Recent Regulatory Changes
The 2026 Shift: E-Invoicing and Refund Expiry
A vat impact analysis uae is no longer just about forward-looking compliance—it has become a critical tool for recovering historical VAT before time runs out. Under the active enforcement framework effective from January 1, 2026, the UAE has moved decisively into a stricter limitation regime that many businesses are overlooking.
Federal Decree-Law No. 16 of 2025 formally introduces a five-year statute of limitations on VAT refund claims, fundamentally changing how far back businesses can correct past errors. As a result, VAT credits relating to the tax periods from 2018 to 2020 must be reclaimed no later than December 31, 2026, or they will expire permanently.
This change coincides with the UAE’s accelerated rollout of mandatory e-invoicing and enhanced digital audit trails, meaning historical data is now being cross-checked against real-time transactional records. Refund claims submitted without proper reconciliation, supporting documentation, or alignment with digital records are increasingly being challenged or rejected.
2026 Warning: The Refund Expiry Clock
If VAT credits from 2018–2020 are not identified, validated, and submitted for refund by December 31, 2026, they will be legally time-barred under the new five-year limitation rule—regardless of whether the VAT was correctly incurred.
For many businesses, this makes 2026 the final opportunity to recover legacy VAT balances. A structured review—combined with transaction testing, documentation validation, and system alignment—is now essential to ensure that recoverable VAT does not silently lapse into irrecoverable cost.
5 Commonly Overlooked VAT Rules You Should Know
Even experienced businesses slip up on VAT rules, especially in Free Zones. Here are 5 rules that often go unnoticed, but can have a big impact.
1. Inter-Zone Transactions Are Not Always Zero-Rated
It’s a common assumption that all trades between Free Zones are zero-rated. That’s not true.

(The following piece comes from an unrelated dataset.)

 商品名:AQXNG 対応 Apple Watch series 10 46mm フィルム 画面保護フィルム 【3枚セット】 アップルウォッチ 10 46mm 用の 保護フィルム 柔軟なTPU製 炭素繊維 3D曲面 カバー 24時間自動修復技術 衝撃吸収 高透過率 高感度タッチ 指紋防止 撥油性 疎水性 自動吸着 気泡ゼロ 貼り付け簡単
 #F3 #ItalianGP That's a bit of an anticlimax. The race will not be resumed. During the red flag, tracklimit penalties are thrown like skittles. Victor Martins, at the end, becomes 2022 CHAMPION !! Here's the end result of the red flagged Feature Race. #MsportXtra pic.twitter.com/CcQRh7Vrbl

Only some zones, called Designated Zones can qualify for out-of-scope treatment (not zero-rated), and even then, only under strict conditions that must now be proven with audit-grade evidence.
These Designated Zones are treated like they’re outside the UAE for VAT purposes only in respect of qualifying supplies of goods, provided the legal conditions are met.

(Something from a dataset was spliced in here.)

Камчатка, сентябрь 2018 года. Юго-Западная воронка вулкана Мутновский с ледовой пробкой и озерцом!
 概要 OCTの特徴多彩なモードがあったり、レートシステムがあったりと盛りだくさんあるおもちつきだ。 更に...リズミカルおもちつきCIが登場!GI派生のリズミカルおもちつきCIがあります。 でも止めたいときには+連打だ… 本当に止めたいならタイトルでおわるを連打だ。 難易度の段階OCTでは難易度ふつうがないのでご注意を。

And here’s the catch: for a supply between two Designated Zones to be treated as outside the scope of VAT, the goods can’t enter the mainland. If they do, VAT applies. In 2026, the FTA requires transaction-level traceability to prove that goods never entered the mainland at any stage of the supply chain.
If a transshipment between two Designated Zones lacks proper customs documentation or movement records, it can trigger 5% VAT along with a 14% annual interest-based penalty under the new anti-evasion enforcement framework.

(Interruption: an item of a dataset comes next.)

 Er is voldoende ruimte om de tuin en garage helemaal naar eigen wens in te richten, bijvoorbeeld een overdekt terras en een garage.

This is where a proper VAT health check in UAE can make all the difference. It helps businesses validate audit evidence, reconcile customs records, and defend out-of-scope positions before the FTA does.
Pro-Tip: Maintain digitally indexed customs declarations, gate passes, transport logs, and zone-to-zone movement confirmations as part of your VAT file—these are now critical audit artifacts in 2026.
Don’t assume you’re safe just because you’re in a Free Zone. The rules are tricky, the audits are deeper, and that’s why more companies are investing in VAT health check services in UAE.
2. Mandatory VAT Registration Thresholds Apply
Yes, the rules apply in Free Zones too.
If your taxable supplies and imports exceed AED 375,000 in the last 12 months, VAT registration is mandatory, even in a Free Zone. In 2026, this threshold is actively monitored through cross-verification between VAT returns and Corporate Tax (CT) filings.
This applies whether you’re selling goods, services, or both.
If you’re under that amount but above AED 187,500, you can still register voluntarily. Many small businesses choose this to recover input VAT and appear more credible to clients. However, registration decisions in 2026 increasingly factor in Corporate Tax positioning and audit visibility.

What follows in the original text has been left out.